For the Northwinds business analysis project, I worked with the Northwind database, which is a fictious database for a consumer products company that has offices in the Seattle, Washington, USA and London, British Isles. After analyzing the database, I’ll provide insight and recommendations to the Northwinds’ ‘Stakeholders’.
Data will be explored that will reveal business related questions and each question will be answered using Hypothesis Testing. Throughout this process, valuable knowledge will be gained and based on the results of the tests, conculsions and recommendations will be offered.
The Scientific Method (shown below) will be used as a guide.
*STEP 1: ask business related questions, such as:
Questions about the company:
-
- How long has Northwinds been in operation?
-
- Where are they based?
-
- What do they sell and in what categories?
-
- How is the sales team configured?
Questions about their customers:
-
- Who are their customers and where are they located?
-
- How much do they buy and at what frequency, quantity, and revenue?
*STEP 2: Background Research, (aka Exploratory Data Analysis) to further develop business insight and start to formulate Hypothesis Test Questions:
Information for Northwinds is stored in their database in tables. Here is their ERD, (Entity Relationship Diagram).
Here’s an example of the pandas query to store the table in a pandas table, along with the first few lines of the “Employee” Table.
Employee=pd.read_sql_query(‘'’SELECT * FROM Employee’’‘,conn)
Here’s an example of an SQL Query to extract information from the same “Employee” Table.
Throughout the EDA process, I found that it was easier to work with Pandas table merges and queries instead of SQL. This was a major decision point for me.
I am comfortable using both and did so in this project. Northwinds is a relatively small database, so my computer had the memory to store each table as a Pandas DataFrame. Had the database been larger, than it would have required too much memory to store each individual Table. At that point, I would have used more SQL queries. However, for this project, each individual table name was stored using Pandas.
The most important EDA discoveries were……
EDA on the “Territory”, “EmployeeTable”, and “Region” tables and then the “Customer” Table, it’s found that the former tables did not provide the most useful information. I found that it was best to group Customers and Orders using the “Region” and “Country” columns in the ‘Customer’ table.
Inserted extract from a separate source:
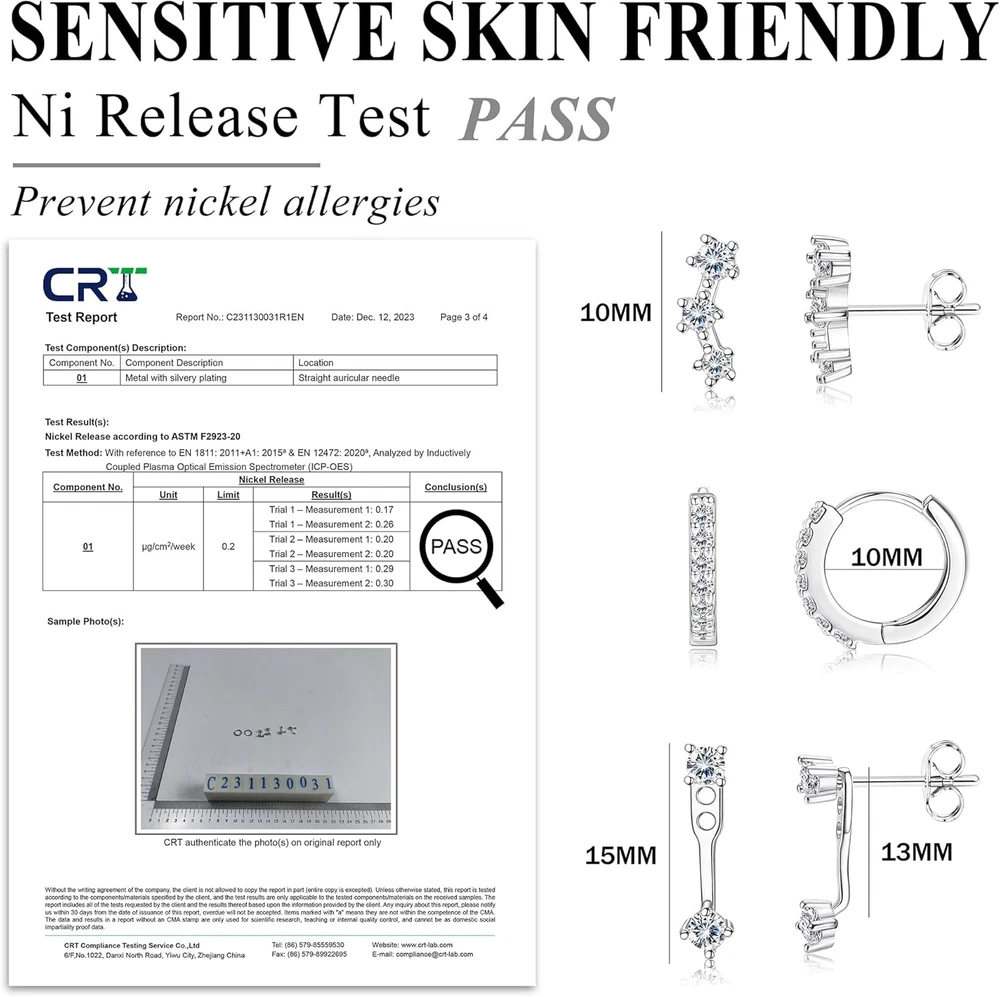 Store New Arrivals Add to Favorite View Feedback Contact Fast deliveries to the customer's home Quality customer service John Make the customers happy! 3 Pairs 925 Sterling Silver Hypoallergenic Earrings Set for Multiple Piercing Dainty 14K Gold Plated Stud Huggie Small Hoop Earrings for Women Trendy Cute Earring Stacks for Sensitive Ears Description Product Description Metal stamp 925 Gem Type Cubic Zirconia Color Silver,White CZ Product Dimensions 0.2 x 0.2 x 0.1 inches; 0.35 ounces Material Sterling Silver Metal Sterling Silver Item Length 0.2 inches Department womens Team Name Silver Back finding Push Back ABOUT US We offer the best prices around on high quality products. Our E-store includes media such as books, movies, music and games while offering electronics, toys, sporting apparel, clothing, tools, general home, garden items and more. SHIPPING We are always working hard to ensure your package arrives as soon as possible. Please understand that some factors like weather, high postal traffic, and the performance of shipping companies are outside of our control. We offer free shipping to the lower 48 states and ship within 2 business days of payment, usually sooner. We do not accept P.O. Boxes. Please provide a physical address. For shipping outside of the continental USA, we only use eBay's Global Shipping Program. The item is shipped to KY and then sent to the rest of the world. International customers are responsible for all duties and taxes. Continue to 'check out' to calculate costs for shipping the item to your country. Messages regarding eBay's Global Shipping Program MUST be directed at eBay EXCLUSIVELY. RETURNS We offer a 30-Day Return Policy on items in which you are not completely satisfied with. You have the option of a full-refund or an exchange of the item. No returns are available on items shipped outside of the USA PAYMENT We accept PayPal. CONTACT US This page content is yet to come Please ad us to your favorite seller and visit again later Thank You CUSTOMER SATISFACTION We try our very best to make sure every customer is completely satisfied. If there's a problem, message us! We're happy to help. WE ACCEPT

Northwinds has orders dating from July 4th, 2012 to May 6th, 2014. My next major decision point, was how to segment the sales data. I’ve sent much of my career in sales and typically make presentations that compare sales data on an annual basis. The Northwind Sales are over a 22 month period, so I decided to segment sales as follows: .
1st segment is the first 10 months.
- July 4th, 2012 to May 6th, 2013
- The 10 month period was the period remaining after having to segment the “Last 12 months”.
- First 10 months are annualized (Sales / 10 months * 12 months)
- 281 Orders (745 OrderDetails) worth 408,908( 490,690 annualized)
2nd segment is the last 12 months.
- May 7, 2013 to May 6, 2014
- Stakeholders (Senior Management) look at data on a year to year basis
- 549 Orders (1059 Order Details) worth $856,885
Next, I merged to Customer, Order, OrderDetail, and Employee Tables to perform more EDA. Below is the code for the merge and the resulting table.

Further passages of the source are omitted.